Regina's gallery was a triumph over entropy, the principle by which all things tend toward disorder. There was no disorder in her shop and none in her person. She wore only black or black and white, usually a white blouse with black pants. Her taste was strict, rigorous, elegant. On rare occasions her arrangements felt chilly. Though she was German by birth, having lived in Paris, which she thought of as her true home, she dealt, for some years, in French Art Deco furniture, and then as those pieces became scarcer began to sell mid-century modern.
One Christmas, about twelve years ago, shortly after we had bought a condo on Meridian Avenue, I wandered by her shop for the first time and saw her astonishing Christmas window decorated with various, colorful porcelain. Her windows were happenings. Often she would display the work of local artists; Ena Marrero was one. In Regina's window were Ena's fanciful animals and her curtain of marvelous stockings knotted with chunks of gorgeous glass. She also handled the work of architect Richard Meier.
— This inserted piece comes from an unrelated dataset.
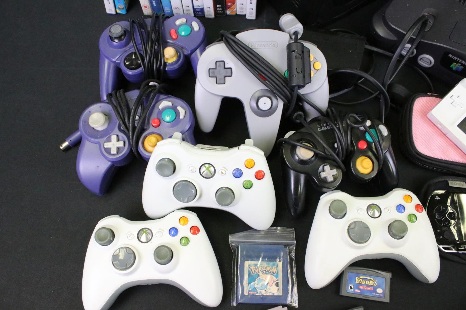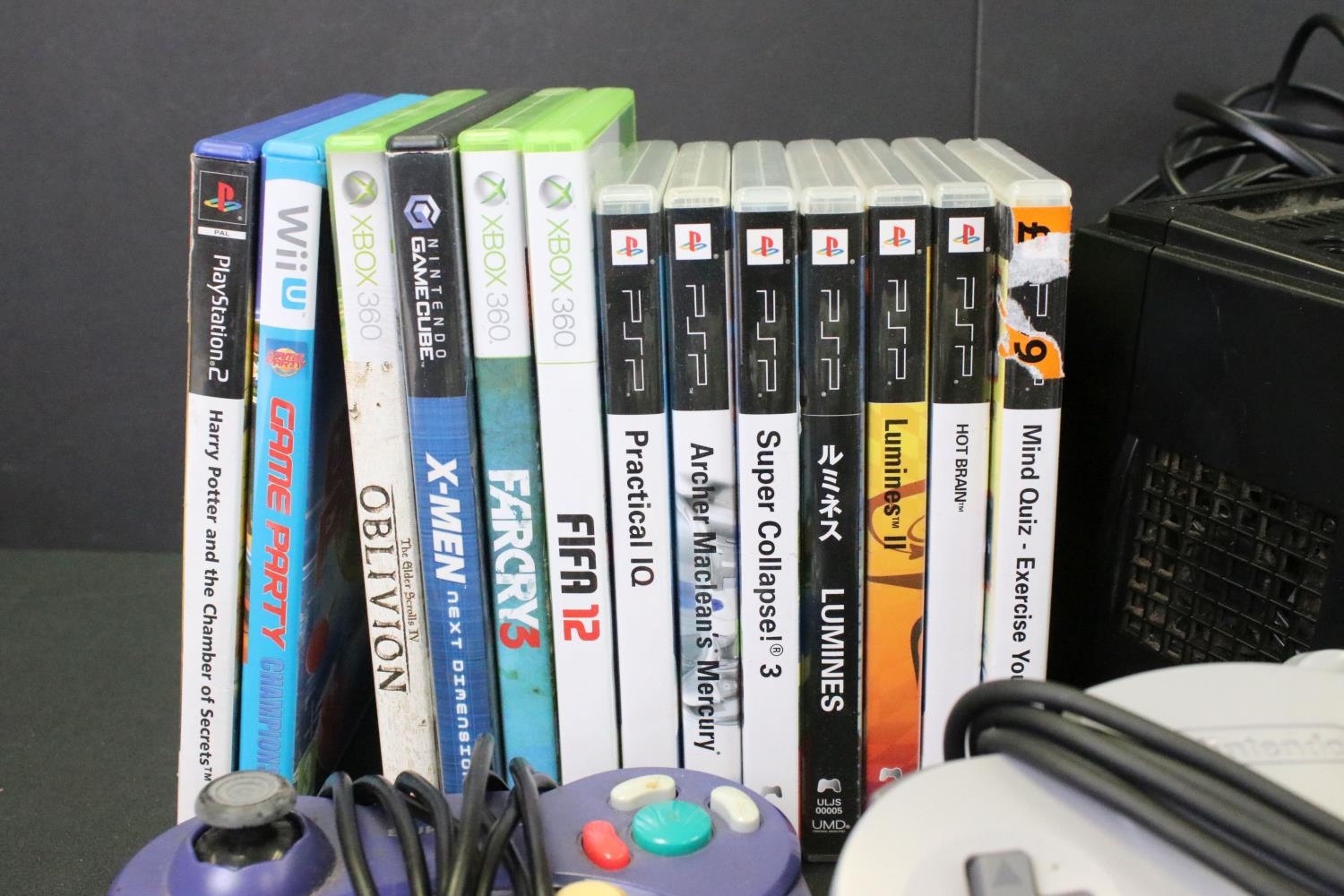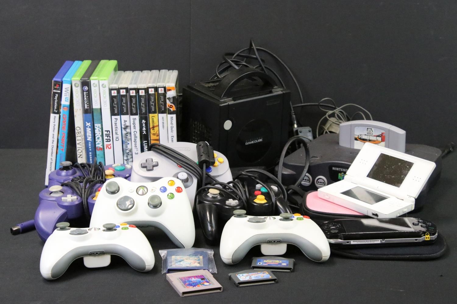 Retro Gaming - Four gaming consoles to include Nintendo 64 (N64) console with original controller, F1 World Grand Prix, Nintendo Gamecube console with original controller, 2 x 3rd party controllers, cased X-Men Next Dimension, Sony Playstation Portable (PSP) with 7 x cased games (Practical IQ, Archer Maclean's Mercury, Super Collapse! 3, Lumines, Lumines II, Hot Brain & Mind Quiz) & Nintendo DS Lite with 3 x DS games (Mario and Sonic At The Olympic Games, My World Coach & Sega Superstar Tennis), 4 x Gameboy games (Pokémon Blue Version, Tetris, Scrabble Scramble & Ultimate Brain Games), along with 3 x Xbox 360 controllers 3 x cased Xbox 360 (Fifa 12, Far Cry 3 & The Elder Scrolls IV Oblivion), cased Wii U Game Party & cased Playstation 2 Harry Potter And The Chamber Of Secrets

In the shop Regina was all business. I never knew her to miss a day of work, but sometimes I would see her having dinner at Da Leo after she had closed for the day. Done with business, having drunk wine and eaten pasta, she would greet me with a lavish embrace. She would also let herself go with flowers, always dozens of white lilies--no other flower--which she would crowd into a vase. The perfume would seep under the door: intensely fragrant.
Easter morning, when the altar of the Community Church on Lincoln Road bore the weight of enormous vases of white lilies, I went to Regina's shop again; her sign with its "au revoir" was gone.
The shop was empty. Regina had her office on the balcony at the top of the spiral staircase. Below her meticulously organized work space, the elegant objects of her collection played with and against each other. I'll miss her and her creations.